Neon Hunk was a husband/wife noise music duo from Milwaukee, composed of Jennifurmium (Mothmaster) - vocals and analog synthesizer/ring modulator, and Pink Diamond (Mossmaster) - Drums, Vocals, and Modular Digital Synthesizer. Neon Hunk formed in the summer of 2000 under the name Abracadaver, but changed their name to Neon Hunk in 2001. Neon Hunk disbanded in 2004. Both members of Neon Hunk have continued to record music independently after halting activity with the band.

The music of Neon Hunk featured sparse, drum and synthesizer arrangements, generally non-tonal, and often in non-standard and frequently changing time signatures. Neon Hunk's vocals were processed with a vocoder with a noise source as the carrier, and were often likened to the sound of a cougar.

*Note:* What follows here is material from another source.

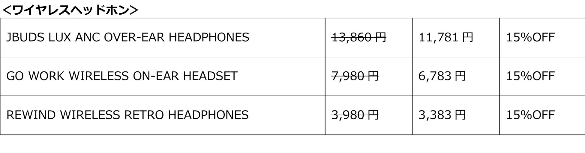 今回は、忙しい現代人のアクティブな毎日をサポートする多機能ワイヤレスイヤホンや100ドル以下のワイヤレスイヤホンで全米No.1(※2)を獲得したJLabのスタンダードイヤホンなどを30%OFFで販売。さらに、「CES2024」(※3)で「CES Picks Award from TWICE」を受賞した4色のアースカラーヘッドホン「JBUDS LUX ANC OVER-EAR HEADPHONES」は、発売以来の最安値となる15%OFFの11,781円(税込)でご購入いただけます。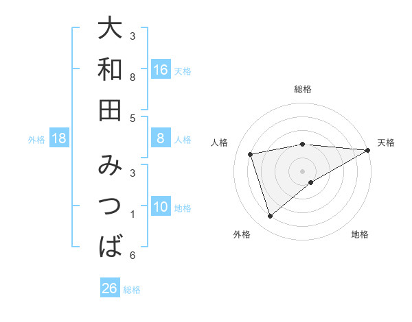 大和田 みつばさんを姓名の画数から五運を鑑定

Their sound combined aspects of progressive and experimental rock, punk, avant-garde electronic/noise music, and at times, free-improvisation. The music is held together with a quirky, cartoonish pop sensibility. Typical Neon Hunk songs rarely exceeded two minutes, though live shows sometimes featured longer improvised jam-sessions (as documented on their tape-only release Neyan Honkies and the self-released tour only release, SECRETS OF THE HUNK).

Neon Hunk sited diverse influences including Black Sabbath, Melvins, Ruins, Rush, Blue Cheer, early Devo, and Kraftwerk, as well as musical contemporaries such as many of their Load Records peers and many other artists within the underground noise and punk community.

The twosome was known for their lively, high energy shows, disjointed dance moves, and scrapped-together, bright, home-modified masks and costumes.

Neon Hunk toured the US and Canada several times in summers and winters from 2001 to 2003 including partial or whole tours with Hair Police, Mammal, Wolf Eyes, The Locust, Chinese Stars, Kites, and Black Coitus Family.

Neon Hunk's final performance was in 2004 at the De Stijl festival in Minneapolis, MN alongside The Dream Aktion Unit (Thurston Moore/Chris Corsano/Paul Flaherty/Jim O’Rourke), Devendra Banhart, Wooden Wand and the Vanishing Voice, Dead Machines,  and other noise/freak weirdos.

Since the dissolution of Neon Hunk, Mossmaster and Mothmaster have continued recording music under various names. Mossmaster has self-released several solo CDr's, and as of 2009 is working on a full-length album and recording music for various film and video related media.

Discography

AbraCadaver 7-inch EP (Liquid Death/Hello Pussy Records 2001)
Split 7-inch EP with My Name is Rar Rar (Liquid Death/Hello Pussy Records 2002)
SECRETS OF THE HUNK (Self-Released tour only release - two versions with different packaging 2002 & 2003)
Neyan Honkies Cassette (Heresee 2002)
Smarmymob (Load Records 2003)
Split 10-inch EP as Crystal Fantasy with Hair Police (Liquid Death/Hello Pussy Records ??)